Defending champions Neal Skupski and Desirae Krawczyk defeated Matthew Ebden and Samantha Stosur in the final, 6–4, 6–3 to win the mixed doubles tennis title at the 2022 Wimbledon Championships. It was Skupski's second major title, and Krawczyk's fourth. They were the first team to win consecutive mixed doubles titles at Wimbledon since Cyril Suk and Helena Suková in 1997.

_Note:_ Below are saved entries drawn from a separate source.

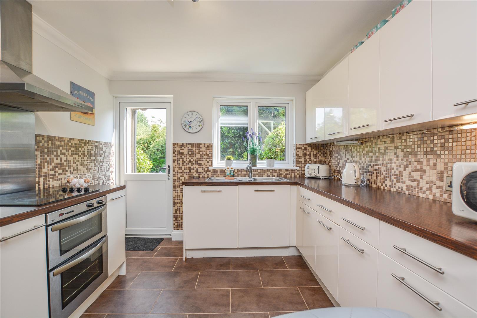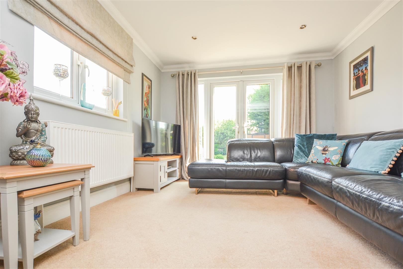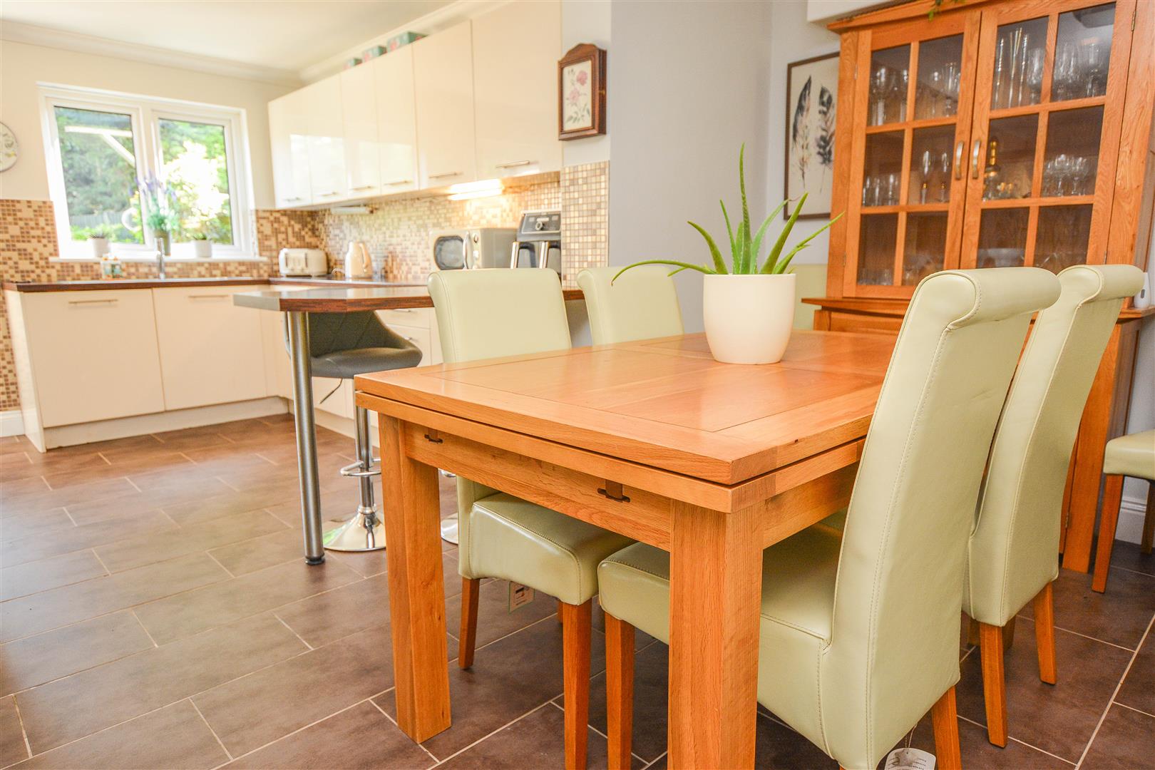 The internal layout begins with a bright and welcoming entrance hall, leading into a spacious living room featuring dual-aspect windows, a wood-burning stove, and French doors that open onto the rear garden. Flowing seamlessly into the kitchen and dining area, the well-appointed kitchen is fitted with sleek eye and base units, generous worktop space, and offers direct access to the garden.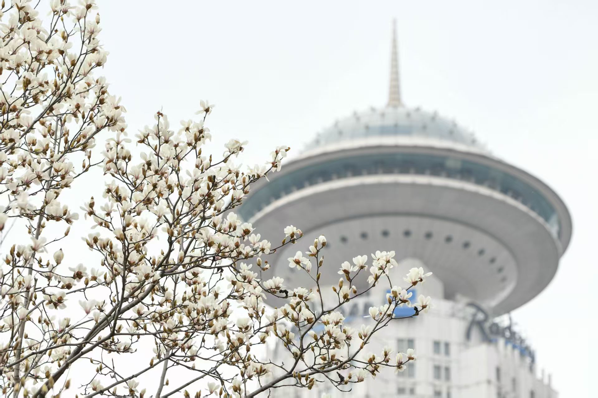头图为白玉兰绽放,与城市地标同框。劳动报记者 颜筱依 摄影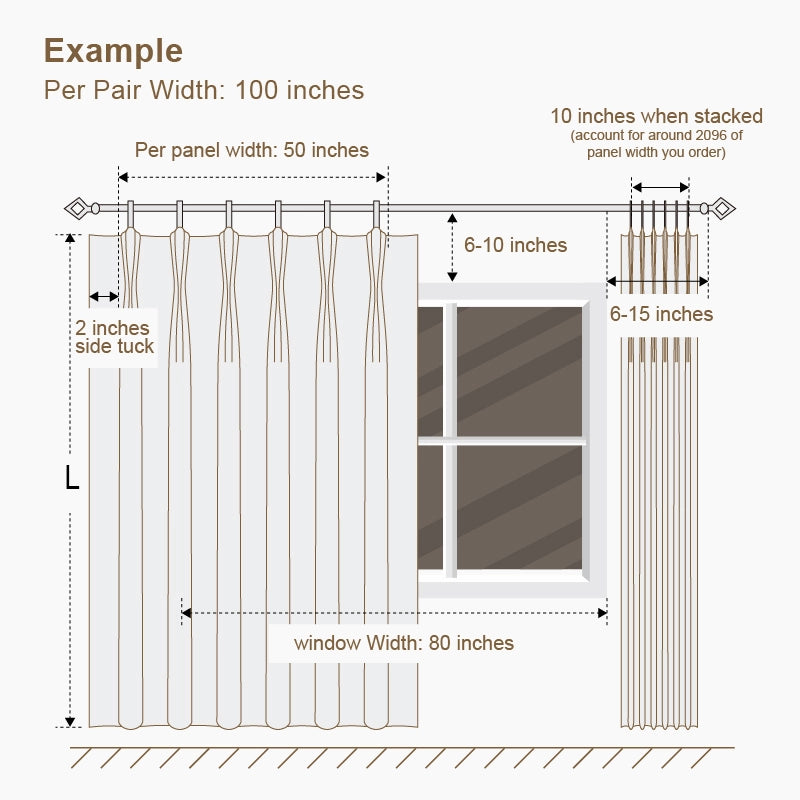 For pleats are permanently sewn to make, we normally make them in 200-230% fullness. For example, if rod or track length is 100 inches, you may order 2 panels each 50 inches width for pinch pleated, tailor pleated header style. You could also order more width if you prefer more fullness.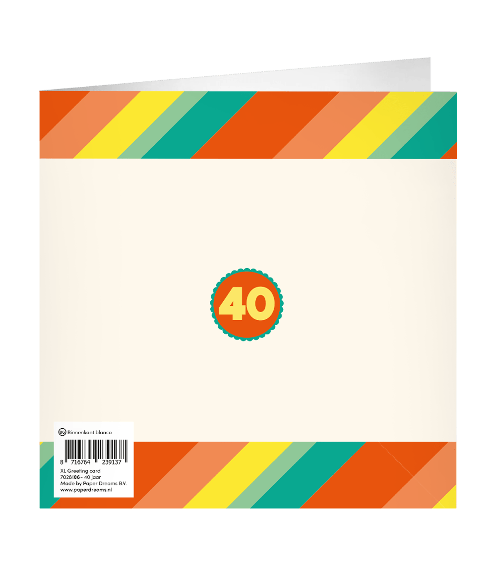 XL Greeting cards - 40 jaar is de perfecte kaart om te versturen als er iemand 40 wordt. Niet alleen het leuke design zal opvallen bij de ontvanger, ook de grote afmeting van ongeveer 23 x 23 centimeter is gewoon niet te missen!
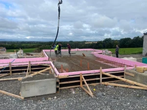 The project began with the installation of a raft foundation, providing a durable and stable base ideal for the site’s ground conditions. This system offers excellent load distribution and minimizes the risk of settlement, forming a solid structural platform for the build above.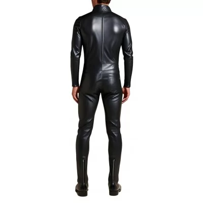 Combinaison homme en agneau noir stretch près du corps fermeture par zip. Choisissez la fabrication sur mesure pour cette combinaison cela vous permettra d'avoir un vêtement à vos mensurations exactes. Grâce à cette prestation haut de gamme offerte, cette combinaison épousera parfaitement les formes de votre corps. Elle est fabriquée en cuir ovin agneau semi-aniline cuir très haut de gamme.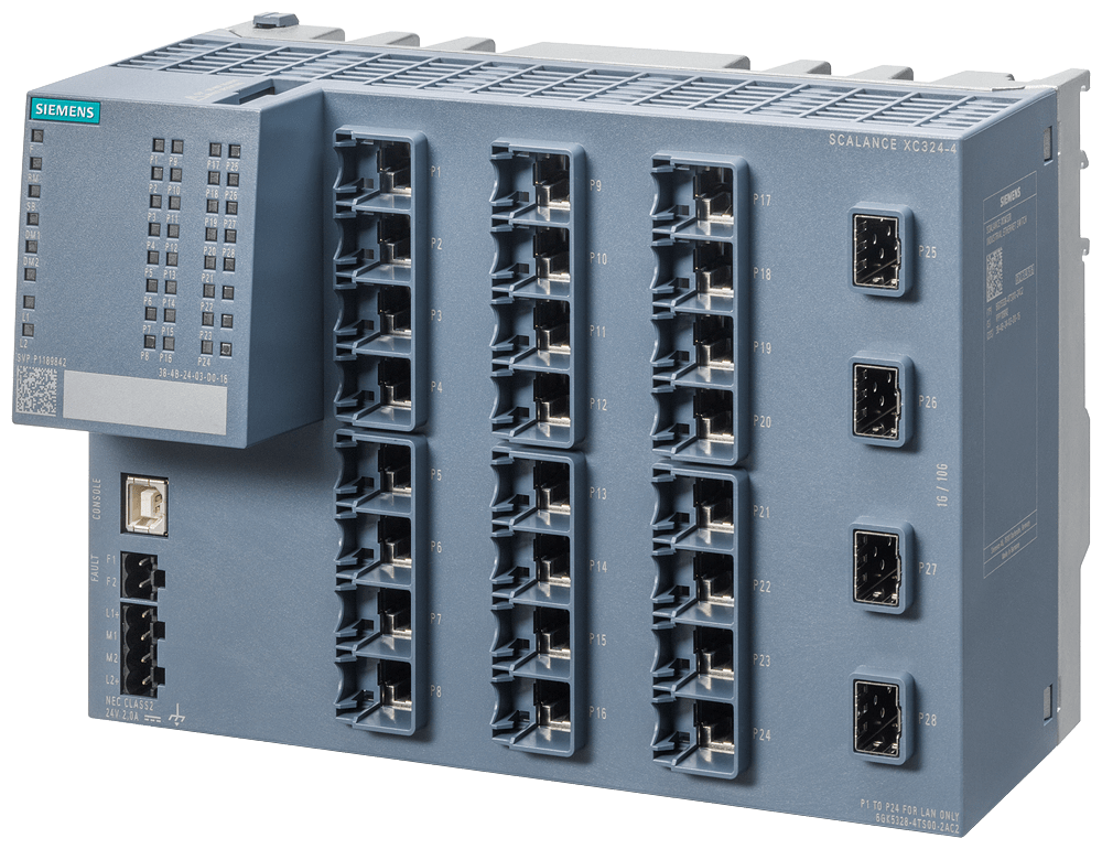 SCALANCE XC324-4 managed Switch IE di Layer 2, 24x RJ45 da 10/100/1000 Mbit/s, 4x porte 1/10 Gbit/s SFP+, LED per diagnostica,contatto di segnalazione errore con pulsante Select/Set, PROFINET IO Device, Network Management, funzioni di ridondanza, Office Features (RSTP, VLAN, IGMP,..) CLP nella dotazione di fornitura montaggio: guida DIN/profilata S7 . SCALANCE XC324-4 managed, switch compatto di Layer 2, 24x porte RJ45 da 10/100/1000 Mbit/s, 4x porte SFP+ da 1/10 Gbit/s per reti d'impianto flessibili e altamente performanti. Switch per quadro elettrico SCALANCE XC324-4 flessibile e compatto: la prossima generazione di reti industriali combina OT e IT per una produzione più flessibile e sicura. I nostri switch Ethernet SCALANCE XC-300 come apparecchi compatti o come switch a 19" per il quadro elettrico assicurano un elevato livello di funzionalità e flessibilità con Industrial Edge e, in futuro, anche con Time-Sensitive Networking (TSN). Scoprite i molteplici vantaggi della nostra serie di apparecchi SCALANCE XC-300: dagli switch per il quadro elettrico da utilizzare negli ambienti industriali agli switch Ethernet in design compatto, fino agli switch per le condizioni industriali più gravose: con SCALANCE XC324-4 si trova sempre il giusto switch per numerose applicazioni.

This was the first edition of the tournament to feature a champions tie-break (10-point tie-break), when the score reaches six games all in the third set, and the third edition to feature a final set tie-break. Mate Pavić, Sania Mirza, David Vega Hernández and Natela Dzalamidze were the first players to contest this tiebreak in the mixed doubles event, with the team of Pavić and Mirza winning the tiebreak 10–3 in their first-round match.

This was also the first edition of the mixed doubles event to feature 32 instead of 48 teams, and thus five instead of six rounds, with the final now moved from the last Sunday of competition ahead to the last Thursday.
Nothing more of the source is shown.